(AVAILABLE DATA begins)

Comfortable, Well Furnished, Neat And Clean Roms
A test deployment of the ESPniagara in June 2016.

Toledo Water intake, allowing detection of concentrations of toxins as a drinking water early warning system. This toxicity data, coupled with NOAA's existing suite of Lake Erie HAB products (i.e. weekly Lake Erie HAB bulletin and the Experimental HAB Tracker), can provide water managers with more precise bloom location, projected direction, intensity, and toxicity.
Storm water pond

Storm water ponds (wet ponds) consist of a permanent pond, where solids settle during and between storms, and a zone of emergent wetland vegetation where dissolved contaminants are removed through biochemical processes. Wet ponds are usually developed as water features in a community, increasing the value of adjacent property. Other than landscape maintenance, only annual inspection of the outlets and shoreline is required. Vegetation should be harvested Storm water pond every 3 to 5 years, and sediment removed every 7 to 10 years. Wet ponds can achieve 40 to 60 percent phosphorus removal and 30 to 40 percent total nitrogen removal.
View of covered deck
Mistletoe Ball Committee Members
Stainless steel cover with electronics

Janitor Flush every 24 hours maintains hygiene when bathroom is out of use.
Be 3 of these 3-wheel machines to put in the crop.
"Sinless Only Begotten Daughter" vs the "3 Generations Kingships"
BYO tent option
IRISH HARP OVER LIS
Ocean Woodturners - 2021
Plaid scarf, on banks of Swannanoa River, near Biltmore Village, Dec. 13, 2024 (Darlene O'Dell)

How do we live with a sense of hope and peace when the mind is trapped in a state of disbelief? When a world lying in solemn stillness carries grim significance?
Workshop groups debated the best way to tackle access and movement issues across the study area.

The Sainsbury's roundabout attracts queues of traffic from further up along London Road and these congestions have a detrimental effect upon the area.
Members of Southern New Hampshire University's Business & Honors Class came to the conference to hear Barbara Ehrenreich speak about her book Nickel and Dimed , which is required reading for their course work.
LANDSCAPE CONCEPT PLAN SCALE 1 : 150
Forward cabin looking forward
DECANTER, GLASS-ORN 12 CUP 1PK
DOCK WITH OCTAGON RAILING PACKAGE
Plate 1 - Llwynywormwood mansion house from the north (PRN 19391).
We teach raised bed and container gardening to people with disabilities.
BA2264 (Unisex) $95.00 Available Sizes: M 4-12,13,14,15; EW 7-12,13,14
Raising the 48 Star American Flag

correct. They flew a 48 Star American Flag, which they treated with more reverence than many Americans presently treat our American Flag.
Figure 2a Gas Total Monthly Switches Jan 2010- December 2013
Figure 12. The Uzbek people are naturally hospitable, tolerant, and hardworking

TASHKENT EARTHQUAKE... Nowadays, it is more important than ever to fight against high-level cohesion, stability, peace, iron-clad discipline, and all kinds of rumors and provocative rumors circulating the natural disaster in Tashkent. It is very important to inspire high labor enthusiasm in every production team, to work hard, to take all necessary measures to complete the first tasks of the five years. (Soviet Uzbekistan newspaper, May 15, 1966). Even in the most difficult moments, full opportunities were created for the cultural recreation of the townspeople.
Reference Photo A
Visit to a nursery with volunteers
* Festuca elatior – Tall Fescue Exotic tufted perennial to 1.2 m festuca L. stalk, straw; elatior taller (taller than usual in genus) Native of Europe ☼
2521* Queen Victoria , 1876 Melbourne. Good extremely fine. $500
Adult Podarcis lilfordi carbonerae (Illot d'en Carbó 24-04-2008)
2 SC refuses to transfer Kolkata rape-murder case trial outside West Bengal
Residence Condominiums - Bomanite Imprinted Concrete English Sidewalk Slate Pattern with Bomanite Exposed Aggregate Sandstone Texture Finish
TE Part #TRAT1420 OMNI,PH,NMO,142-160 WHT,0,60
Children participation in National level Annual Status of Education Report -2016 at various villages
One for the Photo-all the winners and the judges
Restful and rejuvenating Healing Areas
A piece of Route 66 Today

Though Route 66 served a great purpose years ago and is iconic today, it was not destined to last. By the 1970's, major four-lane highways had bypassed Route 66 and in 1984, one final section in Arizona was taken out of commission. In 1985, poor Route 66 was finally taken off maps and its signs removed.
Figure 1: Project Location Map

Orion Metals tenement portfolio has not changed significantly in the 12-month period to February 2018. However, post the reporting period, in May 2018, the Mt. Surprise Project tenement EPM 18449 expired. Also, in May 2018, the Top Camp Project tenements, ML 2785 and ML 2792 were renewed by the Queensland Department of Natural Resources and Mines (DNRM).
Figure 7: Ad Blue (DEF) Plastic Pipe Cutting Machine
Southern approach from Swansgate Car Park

(AVAILABLE DATA ends)

WORK TO COMPLETE
Return each line above exactly.

RESULT FOR THIS EXERCISE
Comfortable, Well Furnished, Neat And Clean Roms
A test deployment of the ESPniagara in June 2016.

Toledo Water intake, allowing detection of concentrations of toxins as a drinking water early warning system. This toxicity data, coupled with NOAA's existing suite of Lake Erie HAB products (i.e. weekly Lake Erie HAB bulletin and the Experimental HAB Tracker), can provide water managers with more precise bloom location, projected direction, intensity, and toxicity.
Storm water pond

Storm water ponds (wet ponds) consist of a permanent pond, where solids settle during and between storms, and a zone of emergent wetland vegetation where dissolved contaminants are removed through biochemical processes. Wet ponds are usually developed as water features in a community, increasing the value of adjacent property. Other than landscape maintenance, only annual inspection of the outlets and shoreline is required. Vegetation should be harvested Storm water pond every 3 to 5 years, and sediment removed every 7 to 10 years. Wet ponds can achieve 40 to 60 percent phosphorus removal and 30 to 40 percent total nitrogen removal.
View of covered deck
Mistletoe Ball Committee Members
Stainless steel cover with electronics

Janitor Flush every 24 hours maintains hygiene when bathroom is out of use.
Be 3 of these 3-wheel machines to put in the crop.
"Sinless Only Begotten Daughter" vs the "3 Generations Kingships"
BYO tent option
IRISH HARP OVER LIS
Ocean Woodturners - 2021
Plaid scarf, on banks of Swannanoa River, near Biltmore Village, Dec. 13, 2024 (Darlene O'Dell)

How do we live with a sense of hope and peace when the mind is trapped in a state of disbelief? When a world lying in solemn stillness carries grim significance?
Workshop groups debated the best way to tackle access and movement issues across the study area.

The Sainsbury's roundabout attracts queues of traffic from further up along London Road and these congestions have a detrimental effect upon the area.
Members of Southern New Hampshire University's Business & Honors Class came to the conference to hear Barbara Ehrenreich speak about her book Nickel and Dimed , which is required reading for their course work.
LANDSCAPE CONCEPT PLAN SCALE 1 : 150
Forward cabin looking forward
DECANTER, GLASS-ORN 12 CUP 1PK
DOCK WITH OCTAGON RAILING PACKAGE
Plate 1 - Llwynywormwood mansion house from the north (PRN 19391).
We teach raised bed and container gardening to people with disabilities.
BA2264 (Unisex) $95.00 Available Sizes: M 4-12,13,14,15; EW 7-12,13,14
Raising the 48 Star American Flag

correct. They flew a 48 Star American Flag, which they treated with more reverence than many Americans presently treat our American Flag.
Figure 2a Gas Total Monthly Switches Jan 2010- December 2013
Figure 12. The Uzbek people are naturally hospitable, tolerant, and hardworking

TASHKENT EARTHQUAKE... Nowadays, it is more important than ever to fight against high-level cohesion, stability, peace, iron-clad discipline, and all kinds of rumors and provocative rumors circulating the natural disaster in Tashkent. It is very important to inspire high labor enthusiasm in every production team, to work hard, to take all necessary measures to complete the first tasks of the five years. (Soviet Uzbekistan newspaper, May 15, 1966). Even in the most difficult moments, full opportunities were created for the cultural recreation of the townspeople.
Reference Photo A
Visit to a nursery with volunteers
* Festuca elatior – Tall Fescue Exotic tufted perennial to 1.2 m festuca L. stalk, straw; elatior taller (taller than usual in genus) Native of Europe ☼
2521* Queen Victoria , 1876 Melbourne. Good extremely fine. $500
Adult Podarcis lilfordi carbonerae (Illot d'en Carbó 24-04-2008)
2 SC refuses to transfer Kolkata rape-murder case trial outside West Bengal
Residence Condominiums - Bomanite Imprinted Concrete English Sidewalk Slate Pattern with Bomanite Exposed Aggregate Sandstone Texture Finish
TE Part #TRAT1420 OMNI,PH,NMO,142-160 WHT,0,60
Children participation in National level Annual Status of Education Report -2016 at various villages
One for the Photo-all the winners and the judges
Restful and rejuvenating Healing Areas
A piece of Route 66 Today

Though Route 66 served a great purpose years ago and is iconic today, it was not destined to last. By the 1970's, major four-lane highways had bypassed Route 66 and in 1984, one final section in Arizona was taken out of commission. In 1985, poor Route 66 was finally taken off maps and its signs removed.
Figure 1: Project Location Map

Orion Metals tenement portfolio has not changed significantly in the 12-month period to February 2018. However, post the reporting period, in May 2018, the Mt. Surprise Project tenement EPM 18449 expired. Also, in May 2018, the Top Camp Project tenements, ML 2785 and ML 2792 were renewed by the Queensland Department of Natural Resources and Mines (DNRM).
Figure 7: Ad Blue (DEF) Plastic Pipe Cutting Machine
Southern approach from Swansgate Car Park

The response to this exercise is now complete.